Segment Start: Supplied data

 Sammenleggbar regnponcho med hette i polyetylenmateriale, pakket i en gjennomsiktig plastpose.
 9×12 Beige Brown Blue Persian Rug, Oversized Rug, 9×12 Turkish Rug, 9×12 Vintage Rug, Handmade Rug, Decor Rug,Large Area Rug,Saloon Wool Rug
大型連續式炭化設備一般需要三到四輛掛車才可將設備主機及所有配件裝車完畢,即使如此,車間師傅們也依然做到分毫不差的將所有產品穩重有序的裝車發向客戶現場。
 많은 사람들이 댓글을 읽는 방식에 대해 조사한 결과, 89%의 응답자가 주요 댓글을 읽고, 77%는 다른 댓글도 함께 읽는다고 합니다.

Segment End: Supplied data
Segment Start: Supplied data

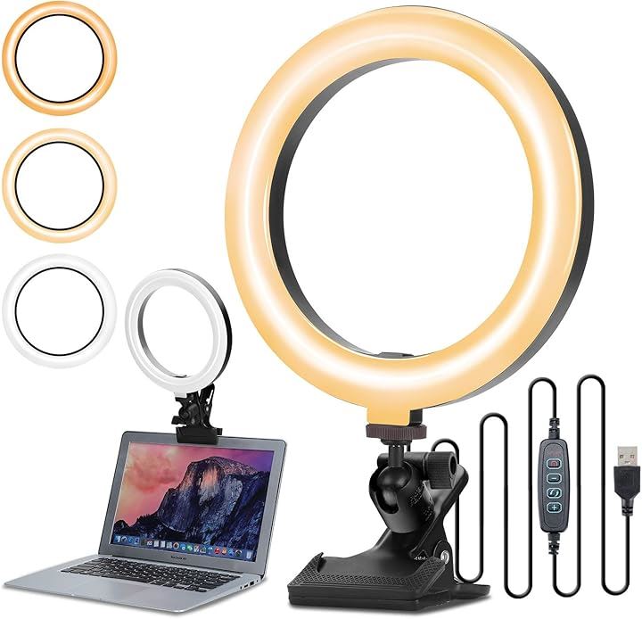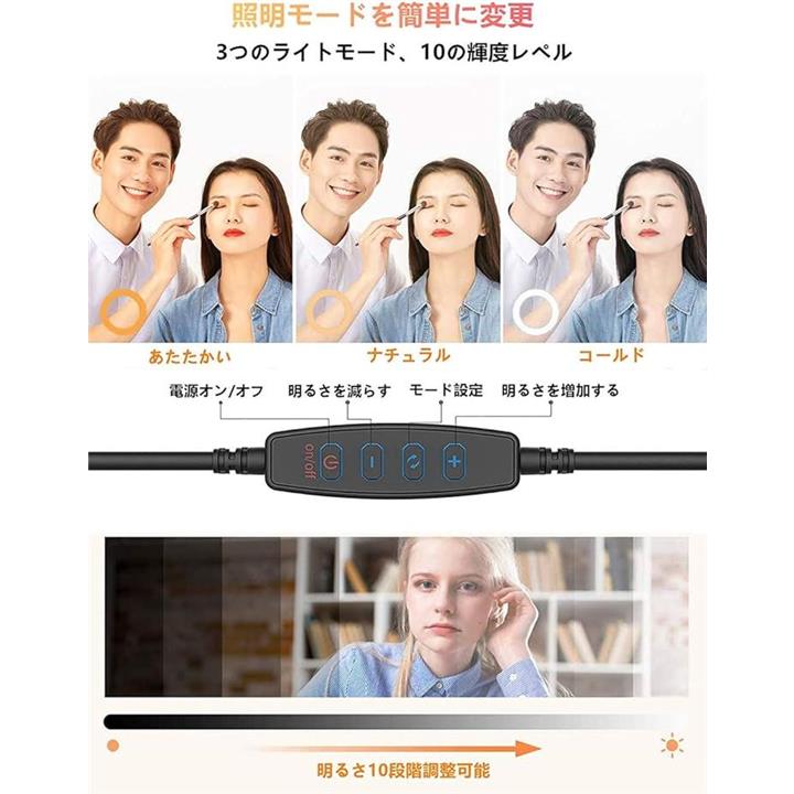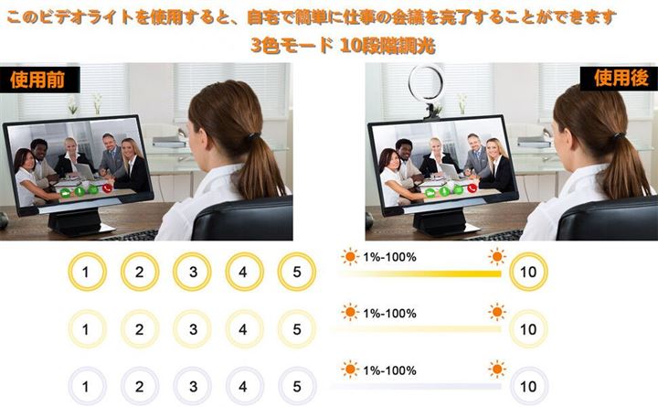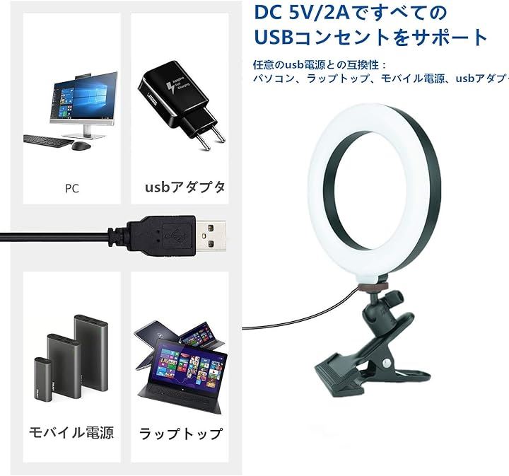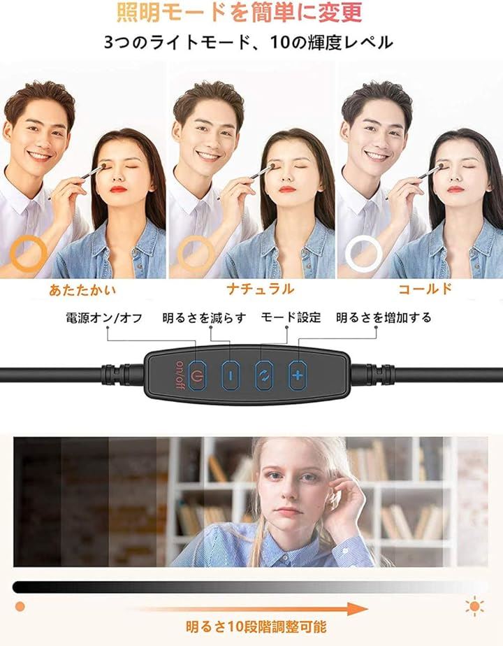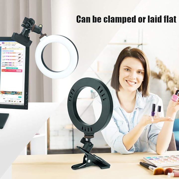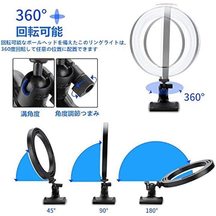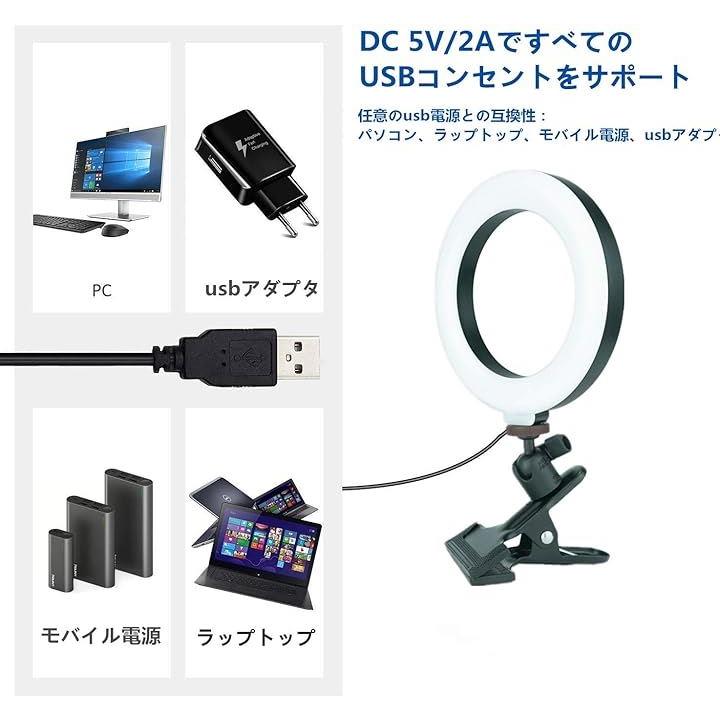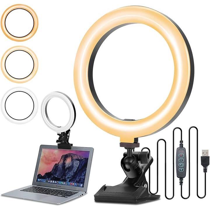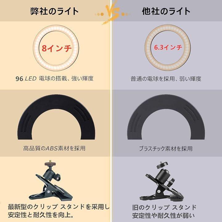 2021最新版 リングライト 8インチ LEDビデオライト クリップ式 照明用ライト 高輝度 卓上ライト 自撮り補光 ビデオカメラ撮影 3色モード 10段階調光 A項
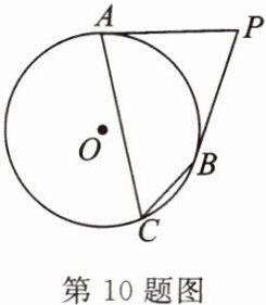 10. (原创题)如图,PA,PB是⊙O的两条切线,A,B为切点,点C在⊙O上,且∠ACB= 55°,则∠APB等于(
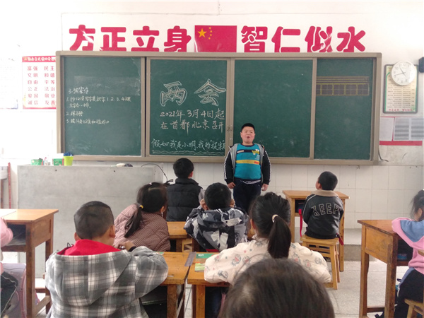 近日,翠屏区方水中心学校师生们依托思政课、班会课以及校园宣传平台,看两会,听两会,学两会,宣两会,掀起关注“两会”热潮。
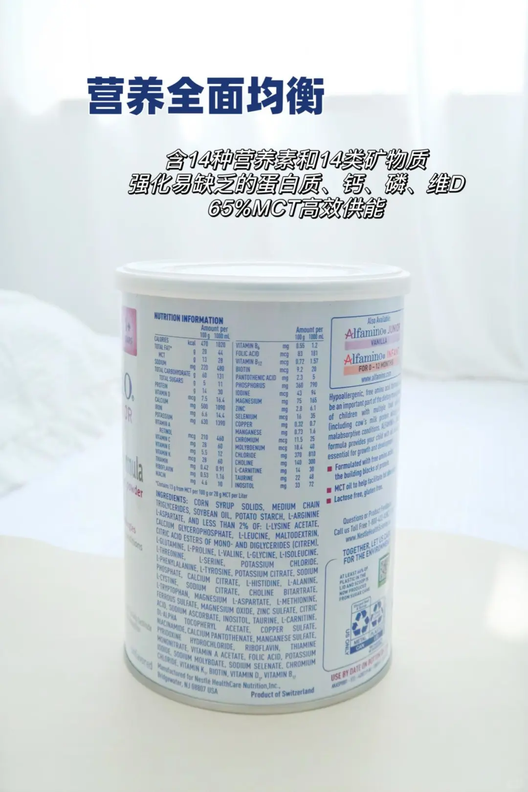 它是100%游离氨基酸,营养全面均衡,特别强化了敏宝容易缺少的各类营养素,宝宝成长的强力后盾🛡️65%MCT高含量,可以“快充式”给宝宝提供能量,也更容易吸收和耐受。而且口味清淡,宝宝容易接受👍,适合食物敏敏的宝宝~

Segment End: Supplied data
Segment Start: Supplied data

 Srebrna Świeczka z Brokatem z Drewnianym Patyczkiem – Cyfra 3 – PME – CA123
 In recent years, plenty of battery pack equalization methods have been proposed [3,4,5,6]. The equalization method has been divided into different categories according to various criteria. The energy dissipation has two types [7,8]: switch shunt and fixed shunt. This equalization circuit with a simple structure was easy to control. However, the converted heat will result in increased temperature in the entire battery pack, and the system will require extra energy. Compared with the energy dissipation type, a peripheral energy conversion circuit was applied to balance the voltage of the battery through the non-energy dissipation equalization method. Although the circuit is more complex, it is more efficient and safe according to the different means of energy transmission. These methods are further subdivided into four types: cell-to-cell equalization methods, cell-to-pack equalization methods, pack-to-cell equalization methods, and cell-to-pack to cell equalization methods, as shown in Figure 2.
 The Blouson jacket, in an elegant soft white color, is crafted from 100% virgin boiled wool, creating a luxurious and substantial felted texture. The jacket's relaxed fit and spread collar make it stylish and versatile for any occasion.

Segment End: Supplied data

Could you set down, exactly as written, the lines above between the one holding "Sammenleggbar regnponcho med" and the one holding "많은 사람들이 댓글을", inclusive, and nothing more?

(Task output):
 Sammenleggbar regnponcho med hette i polyetylenmateriale, pakket i en gjennomsiktig plastpose.
 9×12 Beige Brown Blue Persian Rug, Oversized Rug, 9×12 Turkish Rug, 9×12 Vintage Rug, Handmade Rug, Decor Rug,Large Area Rug,Saloon Wool Rug
大型連續式炭化設備一般需要三到四輛掛車才可將設備主機及所有配件裝車完畢,即使如此,車間師傅們也依然做到分毫不差的將所有產品穩重有序的裝車發向客戶現場。
 많은 사람들이 댓글을 읽는 방식에 대해 조사한 결과, 89%의 응답자가 주요 댓글을 읽고, 77%는 다른 댓글도 함께 읽는다고 합니다.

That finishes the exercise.